Нельзя допускать, чтобы экономической жизнью могла овладеть небольшая группа людей, чьи взгляды на общественное благополучие окрашены тем фактом, что они путем ссуд и операций с ценными бумагами могут получать огромные прибыли. Гувер и республиканцы забыли, что нация — общность интересов, где все взаимозависимы. Президент, по Рузвельту, одновременно вождь, оратор и прежде всего воспитатель всей нации, не должен рассматривать себя как поверенного в делах привилегированного меньшинства, а способствовать благу простого человека.
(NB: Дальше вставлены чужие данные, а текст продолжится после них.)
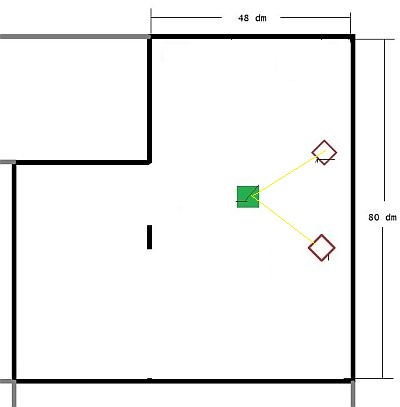 Setting Abstände 4 m Wand, 1.2 m zu Seiten, stereo 3-eck: 240 x 160 x 160 cm, 5° auf Achse.

Это понимание было для Рузвельта не только ответом, соответствующим ситуации, связанной с Великой депрессией, а также определением места своего настоящего, которое он выделил из интерпретации американской истории и традиции. «Я не позволю Гуверу ставить под сомнение мое американство», — заметил он как-то раздраженно, когда слушал речь Гувера в Медисон-сквер-Гарден по радио. Как заявил Рузвельт в своей ставшей знаменитой речи перед Commonwealth Club[4] в Сан-Франциско, победой Томаса Джефферсона, автора проекта Декларации независимости 1776 года, на президентских выборах 1800 года и борца за равноправную демократию против консервативно-элитарного понимания государства, своего противника Александра Гамильтона, который выступал за сильное автократическое управление немногих — образованных и богатых — народом, была заложена гарантия свободы и благополучия всех американцев, являющаяся исходным и конечным пунктом американской правительственной системы, по существу, в равном аграрно выраженном обществе. Но из этой системы с середины XIX столетия постепенно стала уходить экономическая база, а именно из-за промышленной революции, которая привела к неслыханной концентрации власти, капитала и влияния в руках небольшого количества «титанов», к образованию концернов и финансовых магнатов. В 1932 году экономическая жизнь нации определялась 600 концернами, которые завладели 2/3. промышленности Соединенных Штатов. В последней трети оказались 10 миллионов мелких предпринимателей. Долго, как считал Рузвельт, не хотелось видеть опасности, которая возникла из этого события: употребление экономической власти без учета общего благосостояния, потеря свободы и равенства возможностей для маленького человека, потому что тот, кто на Западе из-за «крупных экономических машин» потерял работу, на Востоке не нашел больше открытых границ и как следствие — перепроизводство, снижение спроса и безработица.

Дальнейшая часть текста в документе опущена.